#### Information shown:
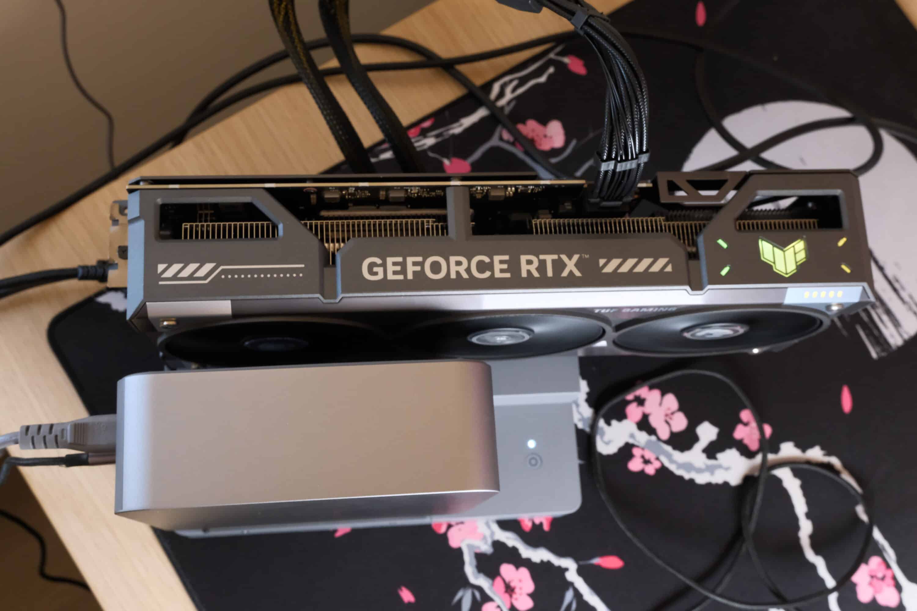 In combination with the low noise level, this is of course very pleasant. The problem with the dock is of course the exposed connections and cables, which – unlike with eGPU solutions – are much more susceptible to dirt and hair.
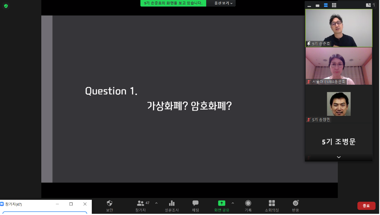 EMBA 동문들의 지속적인 성장과 동문회 활성화를 위해 2019년부터 활동 중인 4개 분야의 Experts 그룹 가운데, 2021년 첫 번째 세미나는 금융투자그룹의 가상화폐로 시작했다.
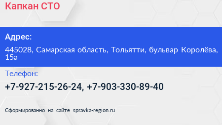 Капкан, СТО по адресу 445028, Самарская область, Тольятти, бульвар Королёва, 15а в дальнейшем Организация, размещена в следующих категориях:
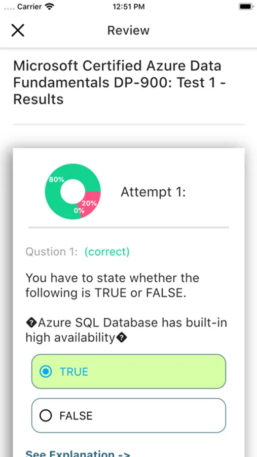This Azure Data Fundamentals DP-900 Practice Exams App covers EVERYTHING you need to know to pass the exam on your first try. Most of our users reported that our exams covered all questions that were on the actual test. We highly recommend reading the explanations provided after each practice test, not only for the correct choices, but also for the incorrect ones. This will help improve your understanding and increase your score dramatically. By paying attention to these and repeating all the tests until you get 90% or more on each one, you should be able to ace the real exam with confidence.
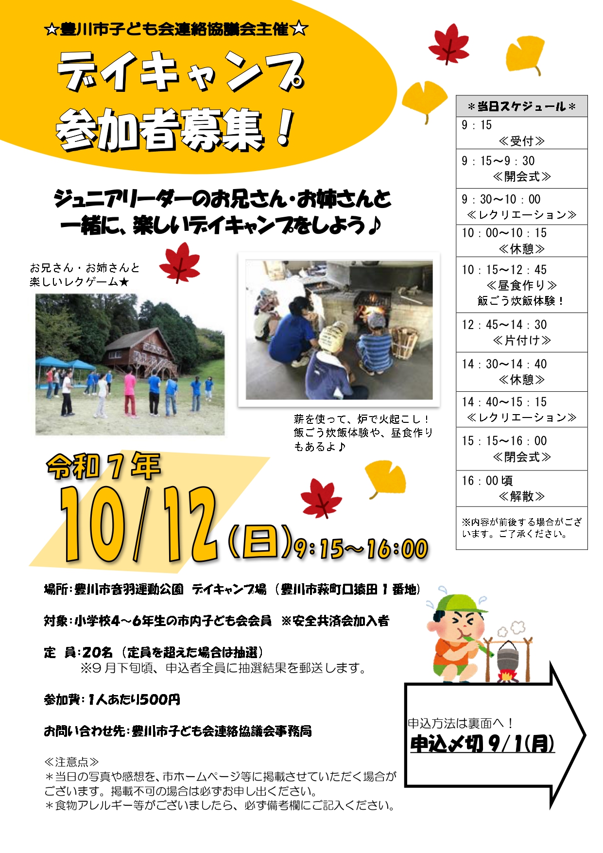 申込フォーム:デイキャンプ参加申込フォーム(外部リンク)
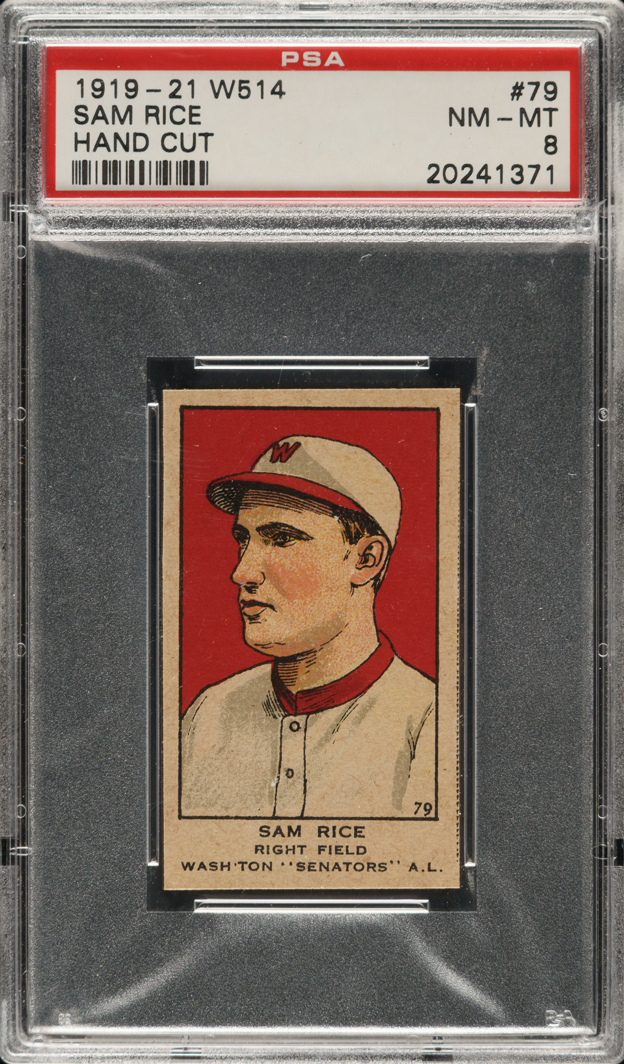 Graded NM-MT 8 by PSA. Washington Senators Hall of Famer Sam Rice.
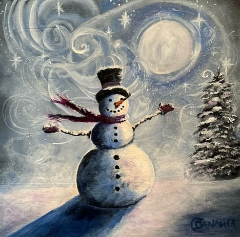 Recently, though, I had the urge to attempt some mystical winter scenes. For those who know me, you’ll understand what a challenge that was considering winter isn’t my favorite season! I also decided to attempt to paint on non-canvas materials. Another challenge!😊
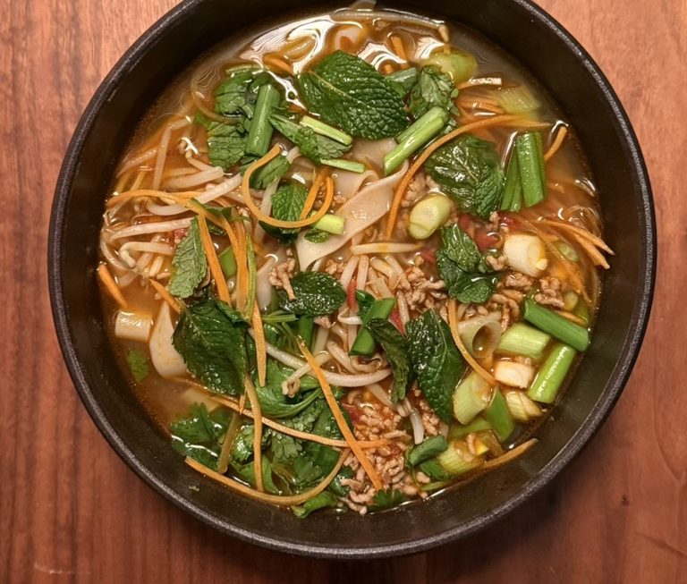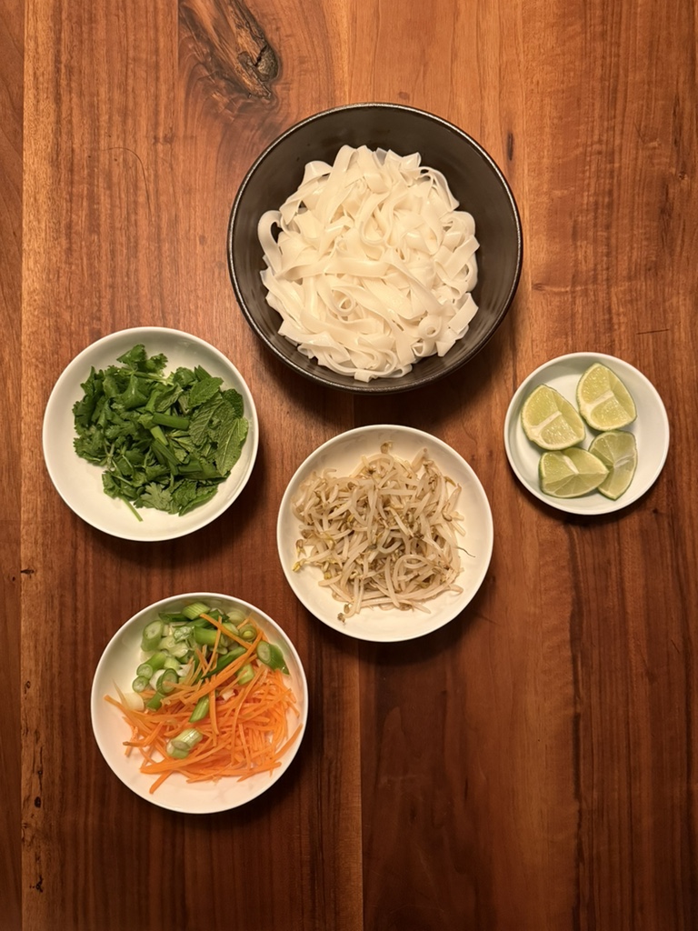 Frische Sojasprossen und Kräuter (typischerweise Koriander, Minze und Thai-Basilikum) gehören unbedingt dazu. Wir finden, dass fein geschnittene Frühlingszwiebeln und noch feiner geschnittene Streifen von der Karotte eine ganz tolle Ergänzung sind. Spritzer von Limettensaft runden das Endergebnis ab.
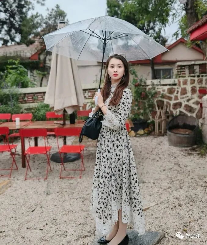 看看“是小小酱”的时尚穿搭,就是选择了一件碎花裙,素净的白色作为底色,而上面点缀的碎花则是黑色,还间或配以了蕾丝边角作为点缀在下摆,更是彰显出文艺淑女和女人味的一面,使得整体的氛围感直线上升。再配上透明的伞,更是有种文艺范儿在内。
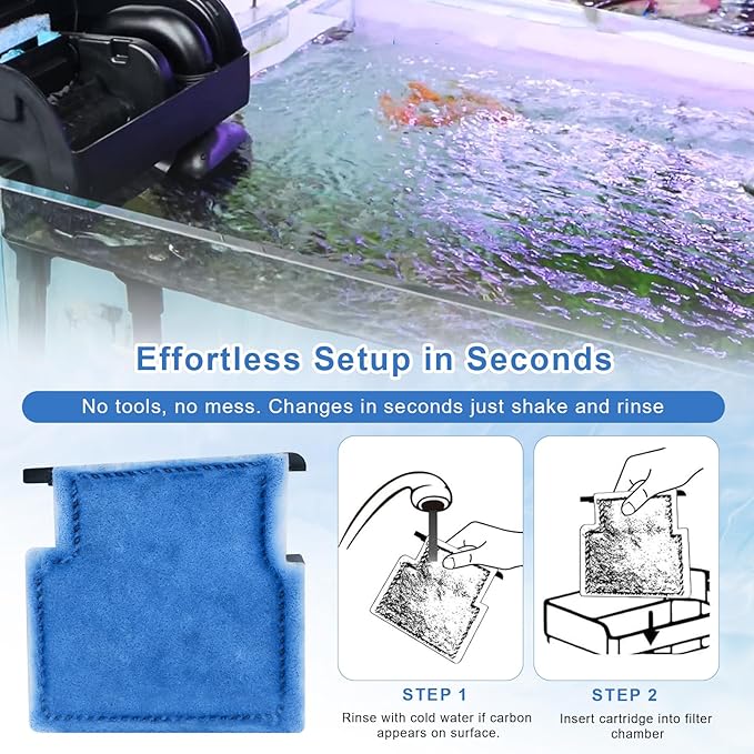 - 【Effortless Setup in Seconds】Slide the pre-assembled fish tank filters cartridges under cool water to rinse away carbon dust, align its keyed base, and push it straight into the aquarium filter chamber until it clicks—done. No tools, no mess, just shake, rinse, and enjoy fresh filtration in seconds.
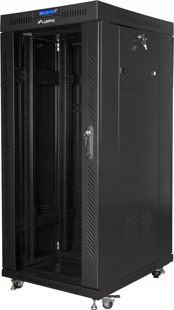 Szafa stojąca jednosekcyjna Lanberg FF01-6827-12BL to rozwiązanie przeznaczone do budowy sieci, montażu okablowania oraz sprzętu w rozmiarze 19 o maksymalnym łącznym udźwigu do 800 kg.
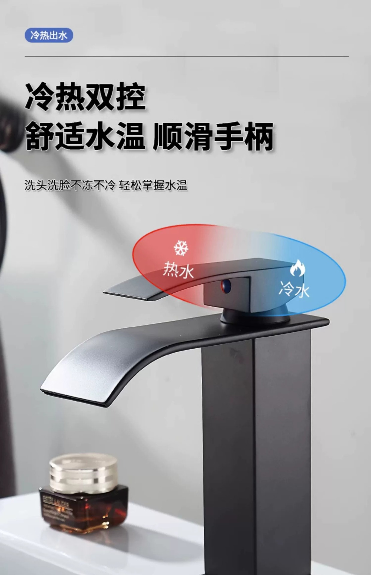 Black Flat Nozzle Waterfall High (Including Hose)
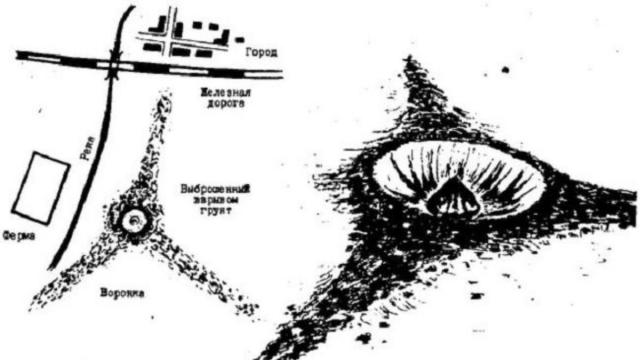 有一天,在这样的散步中,他偶然发现了一个奇怪的陨石坑。这些陨石坑位于树林中,靠近一条小路。他仔细观察:这些坑是三个整齐的锥形坑,直径从 1 米到 2 米不等。
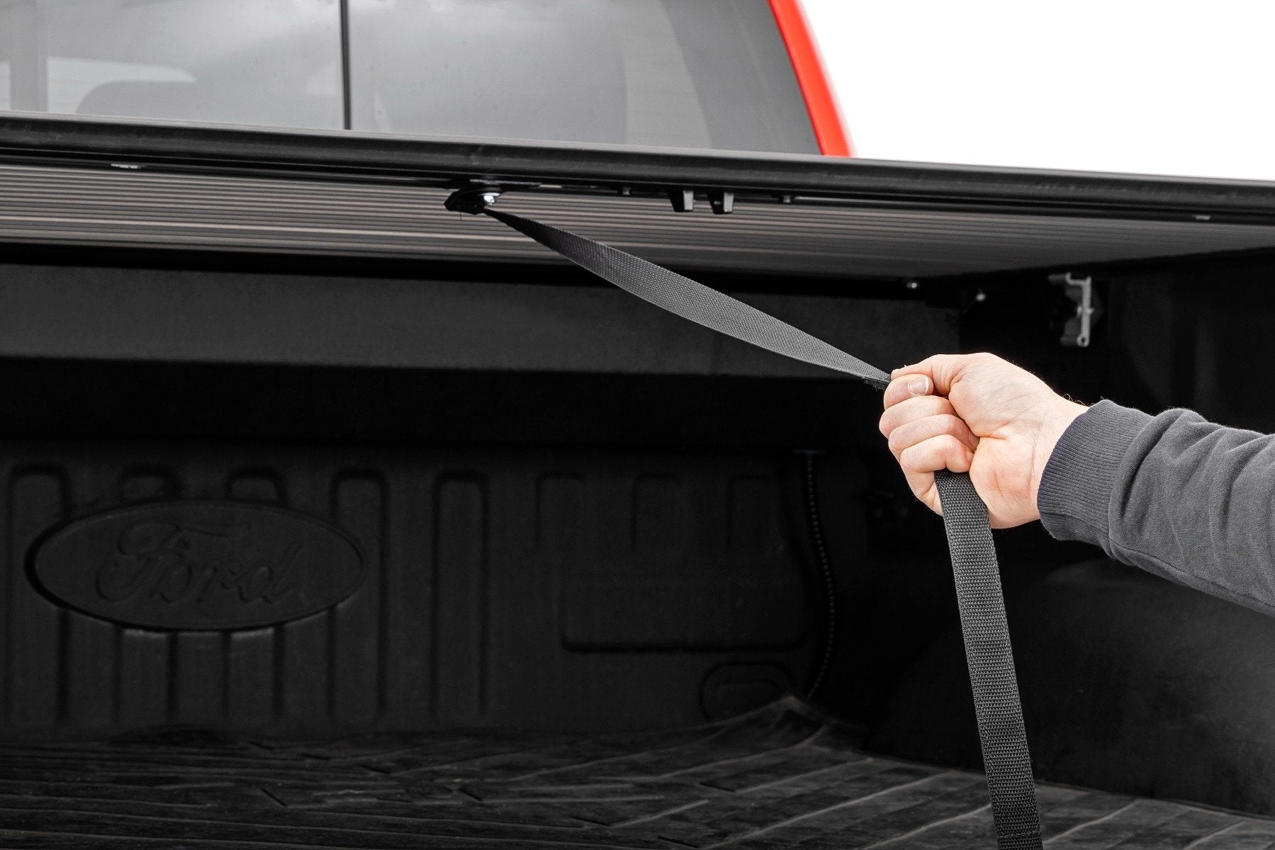 Superior Protection and Functionality. Protect your bed from weather and add security with Rough Country?ÇÖs sleek Retractable Bed Covers. Boasting a weather-resistant vinyl covering over a rigid aluminum panel design Rough Country's Retractable Covers sit firmly on the bed rails allowing for full rear visibility. These durable bed covers feature a flush, low-profile design that gives your truck a clean, sleek look while protecting the contents of your bed.\ Innovative Design. Each cover features a premium, matte black finish for uncompromised protection and killer good looks. The convenient retractable design allows easy access to your bed and the ability to haul large items without entirely removing the cover. Simply utilize the pull strap to retract the cover to gain access to your bed! This cover features a full-width handle that allows you to open or close the cover from either side of the bed. Each cover offers a tension spring that helps the cover retract smoothly and easily in seconds!?á\ \ Installation.?áWith a 100% bolt-on installation process, installation couldn't be easier. With an estimated timeframe of 1-2 hours, this cover can be installed at home using standard tools and can be completed efficiently and quickly!\ Five Year Warranty. Rough Country's Retractable Bed Covers are backed with a five-year warranty towards manufacturer defects. As such, the product is protected from structural and workmanship damage after the date of purchase. With our industry-leading warranty give yourself peace of mind when using Rough Country's Suspension products!
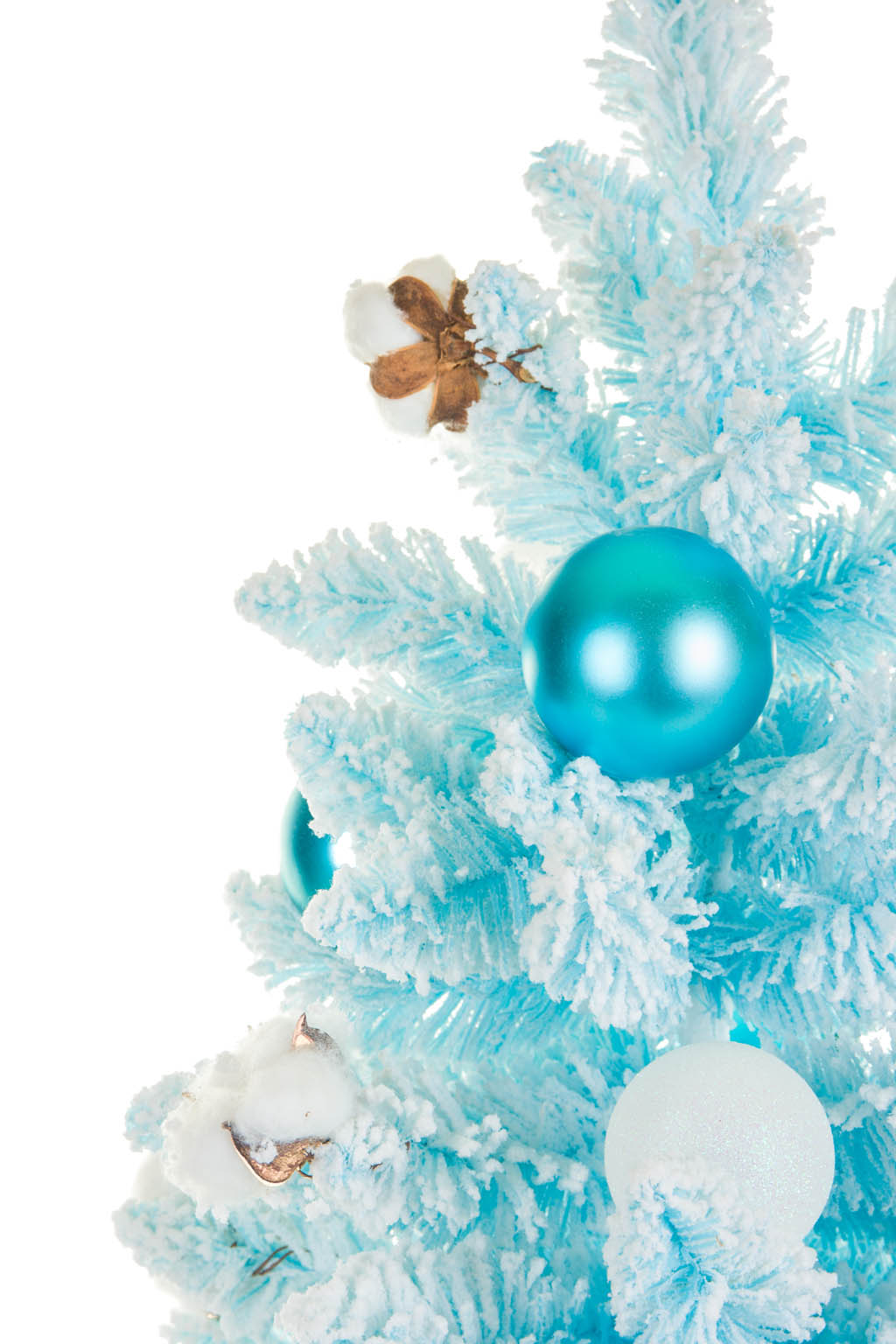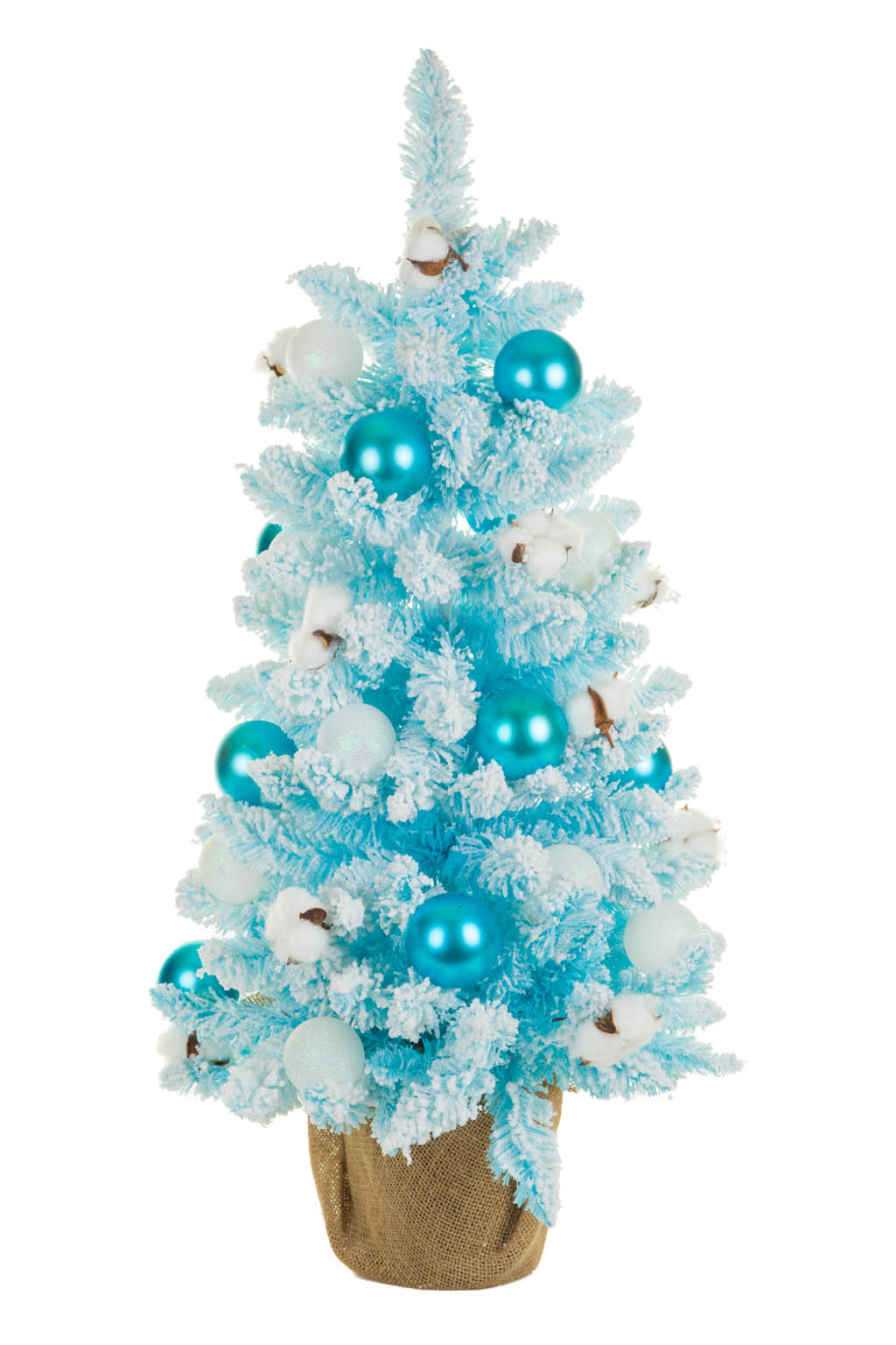 Frosty White and Blue Cotton Christmas Tree with Ornaments

#### Task:
Lines wanted from the entries above: the one with "EMBA 동문들의 지속적인", the one with "Капкан, СТО по", and all lines between. Please copy them exactly, without the pictures and without anything else.

#### Solved exercise:
 EMBA 동문들의 지속적인 성장과 동문회 활성화를 위해 2019년부터 활동 중인 4개 분야의 Experts 그룹 가운데, 2021년 첫 번째 세미나는 금융투자그룹의 가상화폐로 시작했다.
 Капкан, СТО по адресу 445028, Самарская область, Тольятти, бульвар Королёва, 15а в дальнейшем Организация, размещена в следующих категориях:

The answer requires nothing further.